The prognostic significance of hypocholesterolemia in POEMS syndrome is being examined for the first time in this study. Cholesterol, as a highly reproducible, easy to detect, and affordable laboratory indicator, may be a reliable candidate indicator for predicting the prognosis of POEMS syndrome, even though the molecular mechanisms that link cholesterol to cancer remain elusive.

Cholesterol is known to play an important role in the maintenance of cell membranes and the regulation of membrane fluidity and function, including transmembrane signaling and cell adhesion to the extracellular matrix. It is also known that cancer cell proliferation is dependent on either the de novo synthesis of cholesterol in the endoplasmic reticulum or the uptake of cholesterol from the bloodstream through receptor-mediated endocytosis of low-density lipoproteins (LDL) [16]. Tumor cells preferentially meet their high cholesterol requirements by increasing endogenous cholesterol synthesis through upregulation of HMG-CoA reductase (3-hydroxy-3-methylglutaryl coenzyme A reductase) and increased expression of the LDL receptor [17, 18]. Therefore, a low serum TC level may be a sign of tumor progression. Previous epidemiologic studies have also shown that low serum cholesterol levels are associated with higher cancer incidence and higher cancer-related mortality. This could be explained by the relationship between the immune system and cholesterol metabolism. There are several reports that a low serum TC level is associated with an impaired immune system. Men with hypocholesterolemia have been found to have significantly fewer circulating lymphocytes, T cells and CD8 cells than men with hypercholesterolemia [19]. Bensinger et al. reported that cellular accumulation of cholesterol is essential for the activation and proliferation of CD4þ T cells [20]. Cholesterol binds directly to the a-chain of the T cell receptor and thus regulates nanoclustering and activation of the receptor. In addition, T cell activation triggers a simultaneous suppression of the liver X receptor pathway for cholesterol transport and an induction of the sterol regulatory element- binding protein pathway for cholesterol synthesis. However, even after T cell activation, T cell proliferation is prevented if cholesterol accumulation is not achieved. Therefore, persistently low serum cholesterol levels may impair cell-mediated immunity and lead to immune escape and cancer progression. Thus, low serum cholesterol might be associated with tumor development or progression.
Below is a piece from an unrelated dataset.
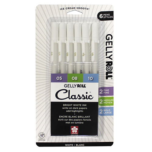 White gel pens provide the finishing dimension for portraiture — all those small details in hair and eyes come to life.

Hypocholesterolemia was found in hematological tumors. Kuliszkiewicz-Janus et al. discovered a simultaneous reduction in TC, HDL-C and LDL-C concentrations during disease activity of acute leukemia and non-Hodgkin's lymphoma (NHL) [21]. Gao et al. identified the lipid profiles in CLL and diffuse large B-cell lymphoma (DLBCL), which manifested as reduced concentrations of TC, HDL-C and LDL-C [10, 13]. Yavasoglu et al. also discovered that newly diagnosed CLL and multiple myeloma (MM) patients had significantly lower TC, HDL-C and LDL-C levels [9, 14]. Our results supported the previously mentioned finding that the majority of patients with POEMS syndrome had lower TC, HDL-C and LDL-C levels. An inverse relationship between HDL-C and NHL was also observed by Lim et al. according to which the risk of NHL decreased by 15% with every 5 mg/dL increase in HDL-C level [12]. Shor et al. also discovered that the risk of hematological malignancy decreased by 2.4% for every 1 mg/dL increase in LDL-C levels [22].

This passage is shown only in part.